**The problem**
Copy each record below faithfully, leaving out images.

**Exercise data**
■ ■ ■

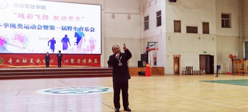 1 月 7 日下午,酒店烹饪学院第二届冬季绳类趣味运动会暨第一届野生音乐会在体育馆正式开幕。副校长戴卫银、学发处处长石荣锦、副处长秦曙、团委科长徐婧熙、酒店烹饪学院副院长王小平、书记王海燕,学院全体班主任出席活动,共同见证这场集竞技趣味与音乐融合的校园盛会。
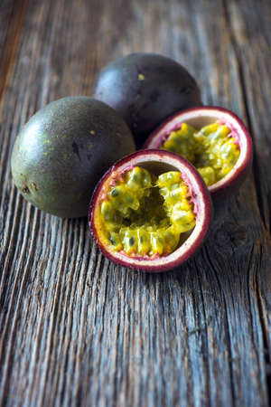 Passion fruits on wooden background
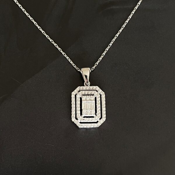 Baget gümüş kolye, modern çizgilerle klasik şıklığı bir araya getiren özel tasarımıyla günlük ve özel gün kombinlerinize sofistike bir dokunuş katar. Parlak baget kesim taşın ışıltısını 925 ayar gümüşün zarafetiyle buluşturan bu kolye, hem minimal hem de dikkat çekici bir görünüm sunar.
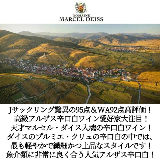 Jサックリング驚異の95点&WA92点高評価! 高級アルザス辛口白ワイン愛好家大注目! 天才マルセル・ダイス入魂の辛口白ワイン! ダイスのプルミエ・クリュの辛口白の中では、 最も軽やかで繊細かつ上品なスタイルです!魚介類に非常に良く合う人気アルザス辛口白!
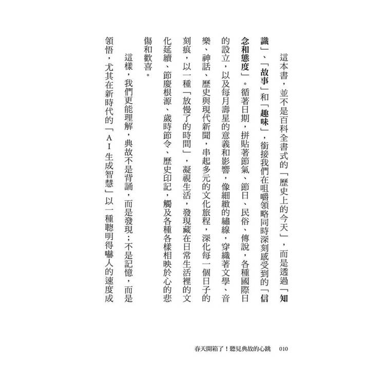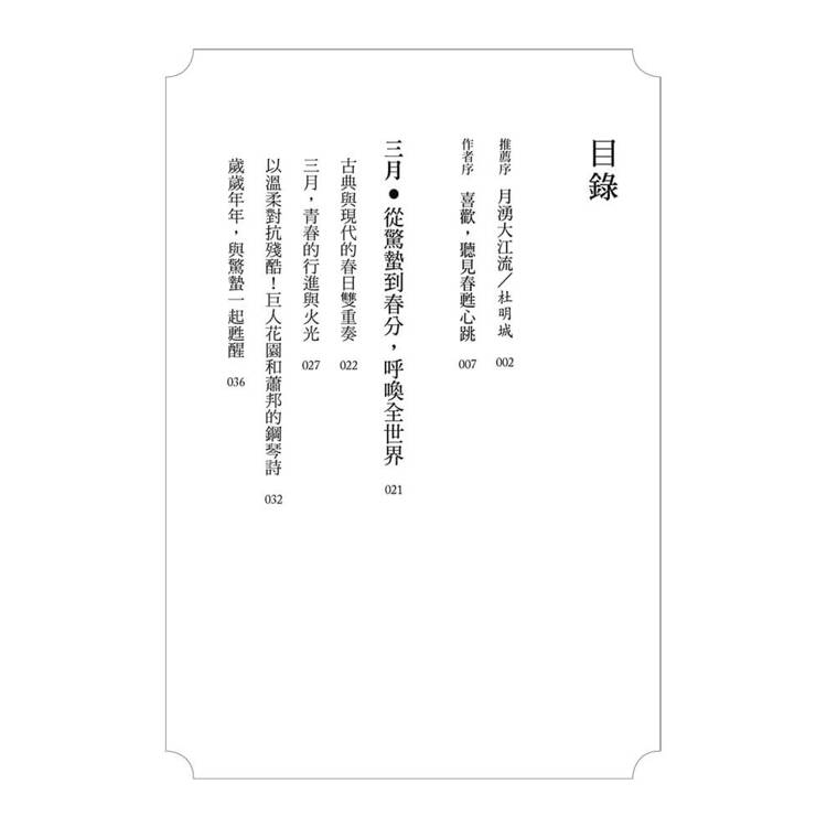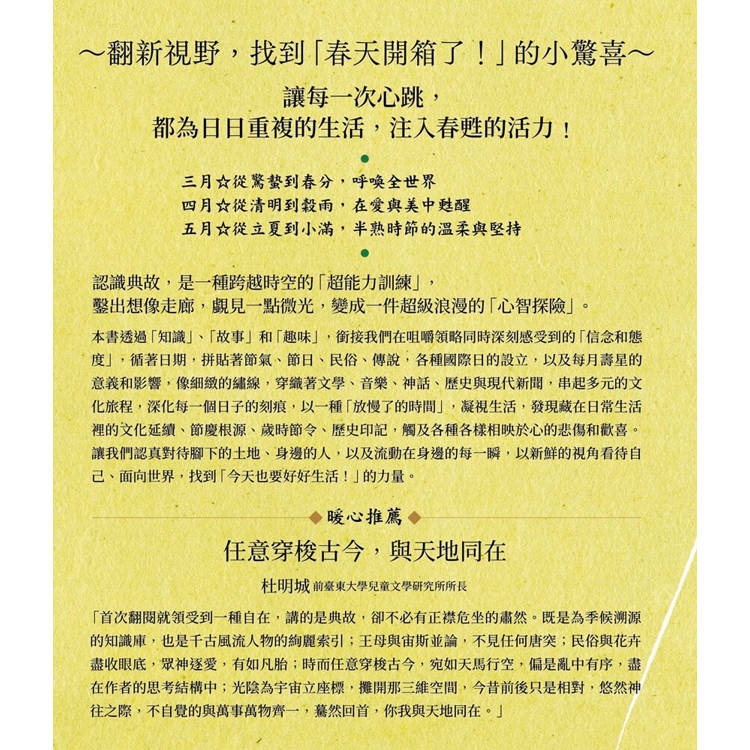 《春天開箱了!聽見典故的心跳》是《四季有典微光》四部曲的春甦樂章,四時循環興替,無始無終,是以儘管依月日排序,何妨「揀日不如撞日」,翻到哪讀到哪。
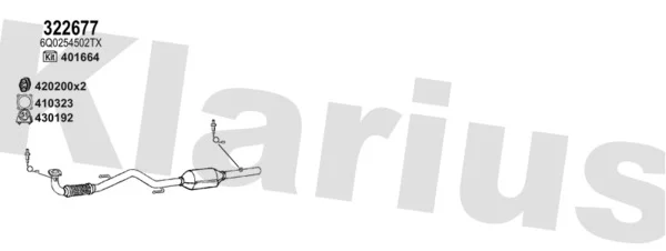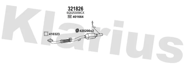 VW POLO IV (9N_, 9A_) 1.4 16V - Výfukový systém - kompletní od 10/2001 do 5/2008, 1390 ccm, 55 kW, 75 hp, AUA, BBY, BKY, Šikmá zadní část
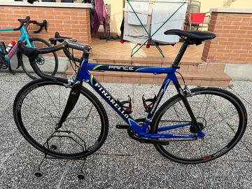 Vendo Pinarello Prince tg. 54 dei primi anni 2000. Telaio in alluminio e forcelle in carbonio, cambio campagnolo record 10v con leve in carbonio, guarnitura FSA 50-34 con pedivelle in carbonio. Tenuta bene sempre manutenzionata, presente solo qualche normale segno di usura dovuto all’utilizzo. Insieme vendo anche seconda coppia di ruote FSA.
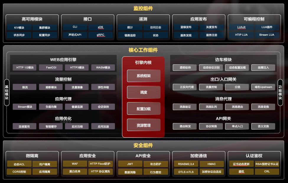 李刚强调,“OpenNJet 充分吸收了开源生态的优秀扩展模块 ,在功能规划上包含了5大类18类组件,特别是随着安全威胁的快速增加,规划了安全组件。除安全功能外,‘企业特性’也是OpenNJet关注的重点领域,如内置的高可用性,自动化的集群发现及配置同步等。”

■ ■ ■

**Completed exercise**
 1 月 7 日下午,酒店烹饪学院第二届冬季绳类趣味运动会暨第一届野生音乐会在体育馆正式开幕。副校长戴卫银、学发处处长石荣锦、副处长秦曙、团委科长徐婧熙、酒店烹饪学院副院长王小平、书记王海燕,学院全体班主任出席活动,共同见证这场集竞技趣味与音乐融合的校园盛会。
 Passion fruits on wooden background
 Baget gümüş kolye, modern çizgilerle klasik şıklığı bir araya getiren özel tasarımıyla günlük ve özel gün kombinlerinize sofistike bir dokunuş katar. Parlak baget kesim taşın ışıltısını 925 ayar gümüşün zarafetiyle buluşturan bu kolye, hem minimal hem de dikkat çekici bir görünüm sunar.
 Jサックリング驚異の95点&WA92点高評価! 高級アルザス辛口白ワイン愛好家大注目! 天才マルセル・ダイス入魂の辛口白ワイン! ダイスのプルミエ・クリュの辛口白の中では、 最も軽やかで繊細かつ上品なスタイルです!魚介類に非常に良く合う人気アルザス辛口白!
 《春天開箱了!聽見典故的心跳》是《四季有典微光》四部曲的春甦樂章,四時循環興替,無始無終,是以儘管依月日排序,何妨「揀日不如撞日」,翻到哪讀到哪。
 VW POLO IV (9N_, 9A_) 1.4 16V - Výfukový systém - kompletní od 10/2001 do 5/2008, 1390 ccm, 55 kW, 75 hp, AUA, BBY, BKY, Šikmá zadní část
 Vendo Pinarello Prince tg. 54 dei primi anni 2000. Telaio in alluminio e forcelle in carbonio, cambio campagnolo record 10v con leve in carbonio, guarnitura FSA 50-34 con pedivelle in carbonio. Tenuta bene sempre manutenzionata, presente solo qualche normale segno di usura dovuto all’utilizzo. Insieme vendo anche seconda coppia di ruote FSA.
 李刚强调,“OpenNJet 充分吸收了开源生态的优秀扩展模块 ,在功能规划上包含了5大类18类组件,特别是随着安全威胁的快速增加,规划了安全组件。除安全功能外,‘企业特性’也是OpenNJet关注的重点领域,如内置的高可用性,自动化的集群发现及配置同步等。”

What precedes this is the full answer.